How to Keep Backbone Engaged

You can only nurture pointless relationships for so long.

Sometimes, you have to be willing to hold a courageous conversation to reinforce your boundaries.

Otherwise your life is no longer your own.

This isn’t just about saying no.

This is about filtering your life.
This is about safeguarding your time.
This is about honoring your boundaries.
This is about televising your priorities.

If want to keep backbone engaged, try these moves:
1. Reject invitations that don’t serve you. If you don’t make conscious choices about the individuals you allow to participate in your life, you won’t like your life. Period.

For example, I recently received an email from a woman I didn’t know very well. Her request was as follows:

“I’m going through a major life change and need advice from lots of people who aren’t close to the situation so they don’t approach it with a bias. Would you be willing to hear what it is and share your thoughts? I’d greatly appreciate it.”

Although my ears were flattered by the bend request, my heart told me to stay away. Not that I wasn’t sympathetic to her life situation. But I barely knew her. And this request came out of nowhere. Out of respect, I replied affirmatively and sympathetically:

“Thanks for reaching out. Sounds like you’re going through quite the adventure. Currently, I’m already over committed and won’t be able to offer my ears. Good luck.”

That’s how you keep backbone engaged. As Julia Cameron explained in Walking This World, “Don’t turn yourself into a food source for others, allowing them to dine freely on your time, talents and reserves.”

Remember: Life’s too short to surround yourself with people who use you as a garbage dump for their emotional refuse. Who is a chronic abuser of your time and attention?

2. You don’t have to react to every attention magnet. Saying no doesn’t make you snobby; it makes you discerning. Just because somebody wants to arrange a meeting with you so can he can pick your brain for two hours – and, ultimately, take no action on the advice you give him – doesn’t mean you should feel obligated accept the invite.

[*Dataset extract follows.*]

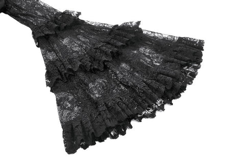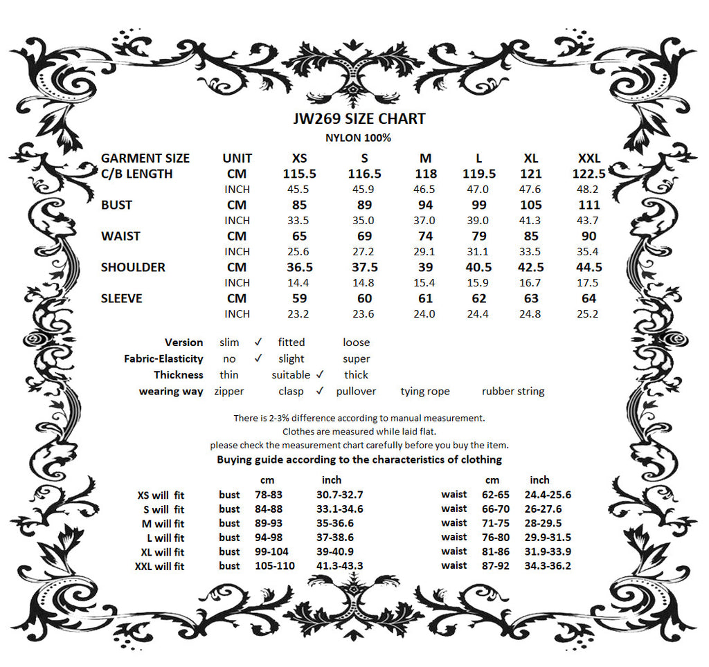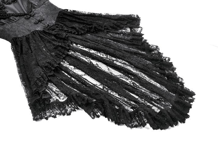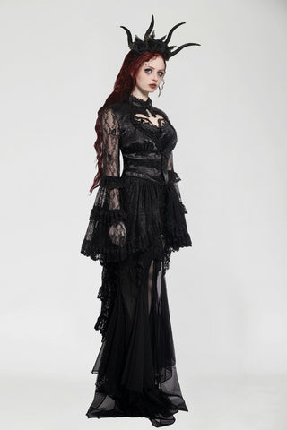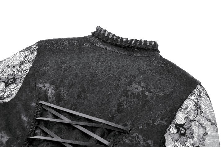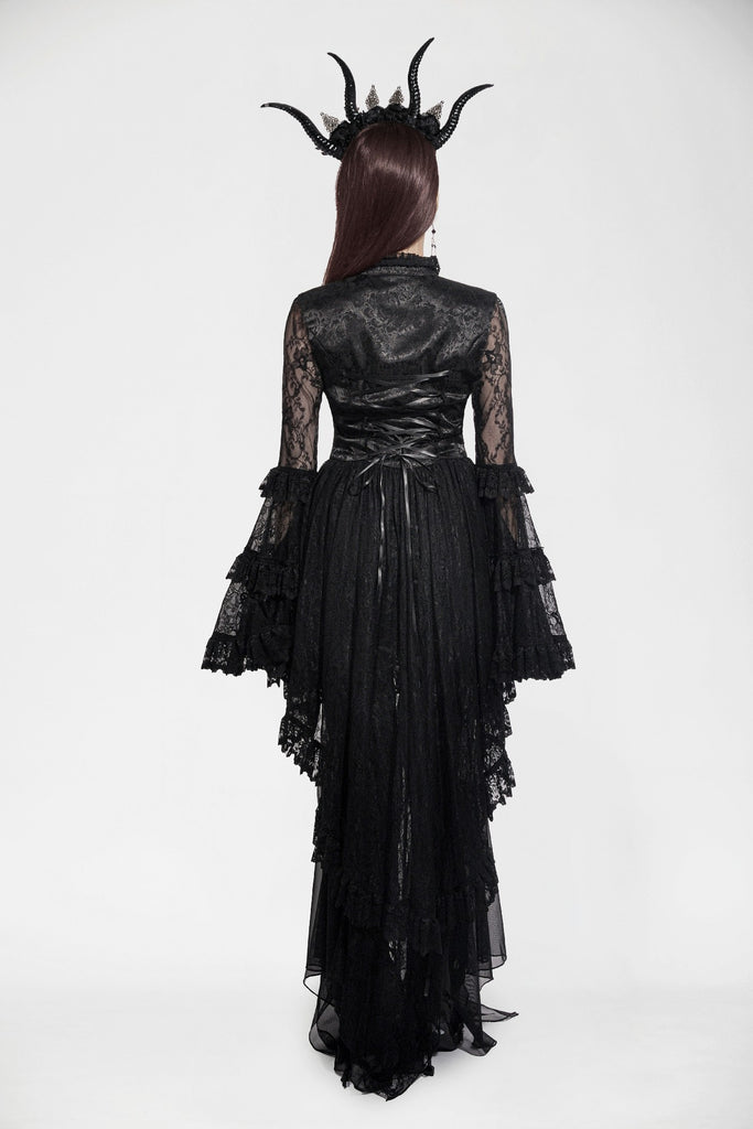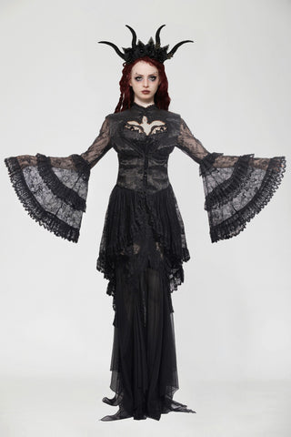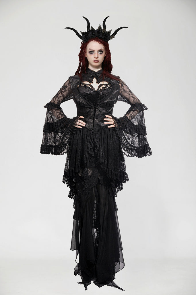 This coat embodies the romantic and elegant essence of Gothic fashion. The front features a daring hollow-out heart-shaped design, exuding boldness and sensuality. The neckline is adorned with trumpet flower tassel knotted buttons, adding a touch of vintage sophistication. The wide bell sleeves are embellished with triple-layered lace ruffles, showcasing a luxurious and layered appeal. The hemline incorporates abundant lace fabric, skillfully gathered and stitched for a voluminous, distinctive aesthetic. The classic swallowtail design at the back adds an elegant and flowing touch, making it a stunning choice for crafting a regal and captivating Gothic look.

And certainly, there will always be incidents when making yourself available as a resource is a generous, worthwhile endeavor. Personally, I do this on a regular basis as a way to pay forward the help I once received.

But you’re not a lunch whore. And your time isn’t just valuable – it’s billable.

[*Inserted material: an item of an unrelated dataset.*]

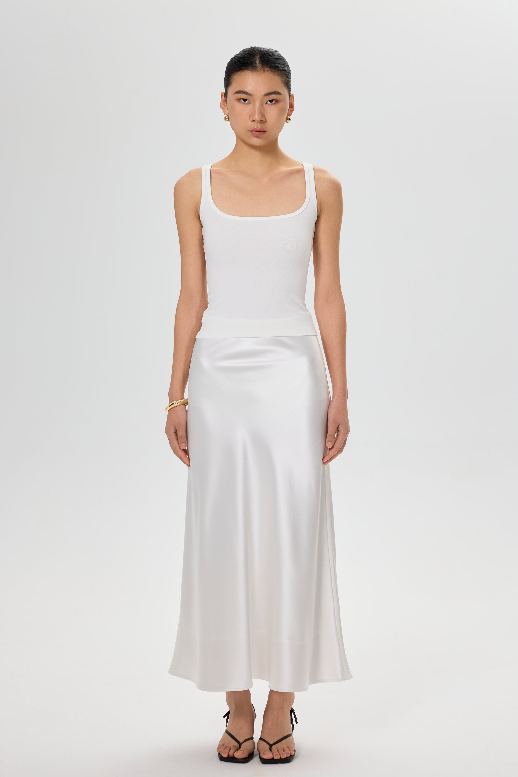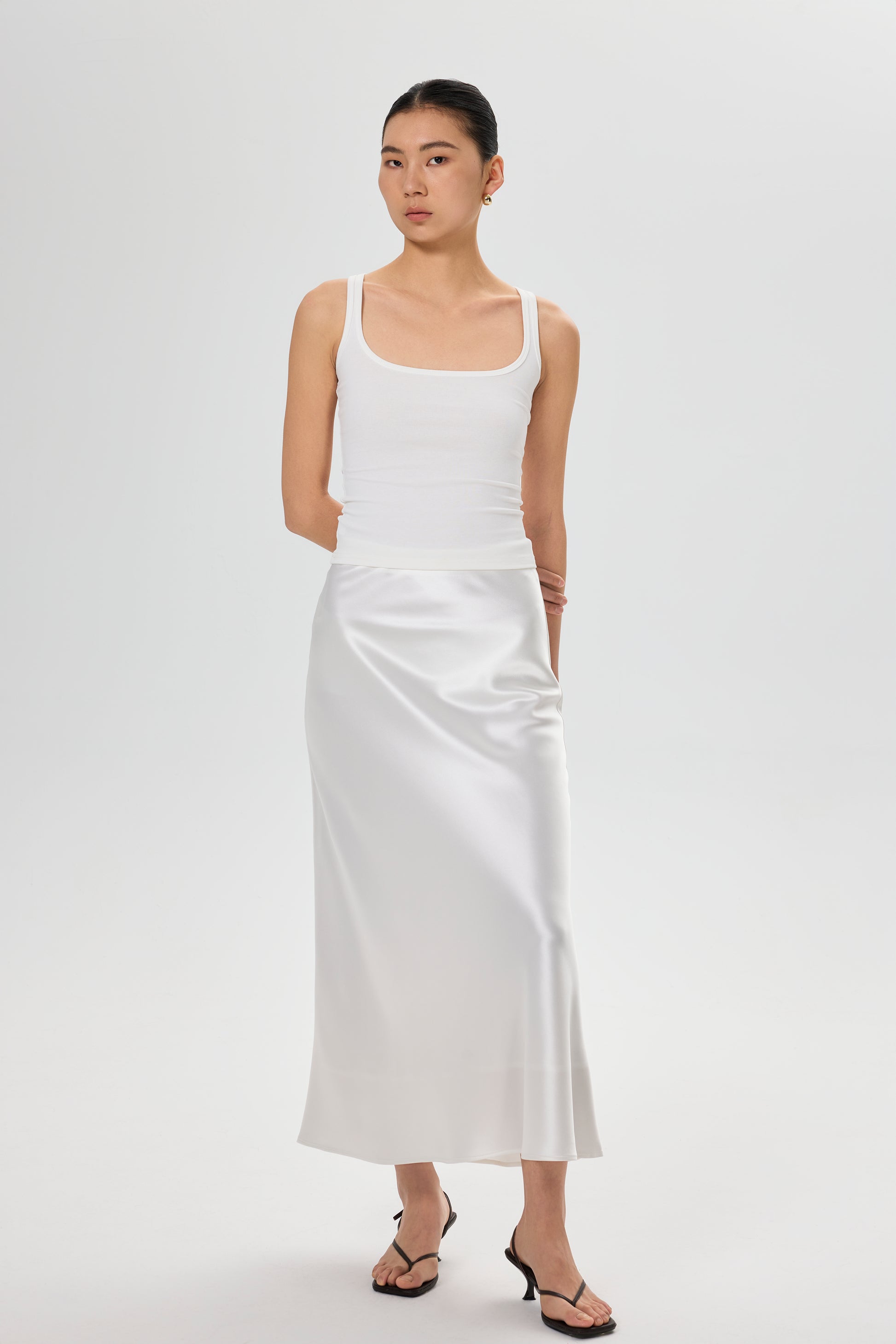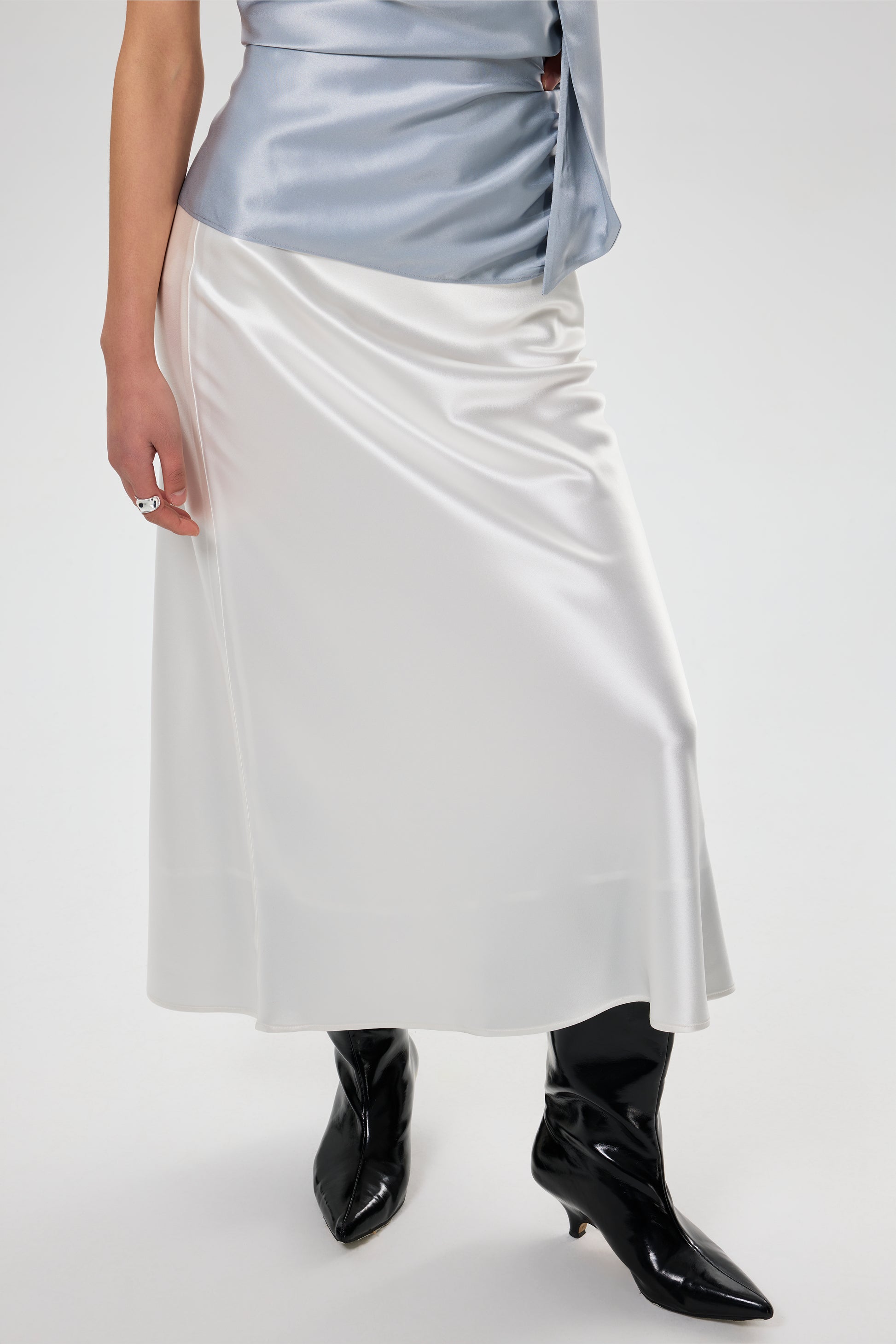 A versatile piece crafted from luxurious pearl triacetate. With its flattering A-line silhouette and sleek, smooth texture, this skirt is perfect for both holiday getaways, office settings and everyday wear. Its mid-rise cut and midi-length length offer a modern, feminine fit, while the lightweight fabric ensures all-day comfort.

Besides, in order to be fair to everybody, if you said yes to one person, you would have to say yes to all of them. And that would result in you working a hundred hours a week.

Look: Nobody likes to be rejected, and nobody likes rejecting. But you can’t let the undertow of social guilt whisk you away into an endless spiral of unnecessary obligations you clearly loathe. Otherwise you’ll wind up interacting with people in a false performance mode, which is actually worse than not being there at all. Who is helping you build a future that you’re going to feel obligated to be a part of?

3. Speak up at the slightest sense of discomfort. If you don’t set healthy boundaries for yourself, people will set them for you. And then they will violate them. And then they will tell their friends to do the same. All because you failed to set a precedent of value.

Not because they’re terrible people – but because you never taught them how to treat you.

To avoid this, be prolific in your communication. Constantly educate people on your priorities. Especially those who are habitually taxing, or whose perpetual laziness constantly begs your assistance. Otherwise, in the absence of communication, people will make up their own story. And it probably won’t match yours.

When all else fails, sometimes you just have to look people in the eye and say:

“Let’s get something straight: I’m not your playmate, I’m not your project manager and I’m not your delegation receptacle. We're done.”

Remember: Don’t be unfair to yourself by continuing relationships with people who abuse your energy. You’re a person – not a welcome mat. Is this an opportunity, or an opportunity to be used?

4. Everybody has a saturation point. When you simply don’t have the personal bandwidth to sit down with every stranger who wants to siphon your genius, you need to have alternative responses ready.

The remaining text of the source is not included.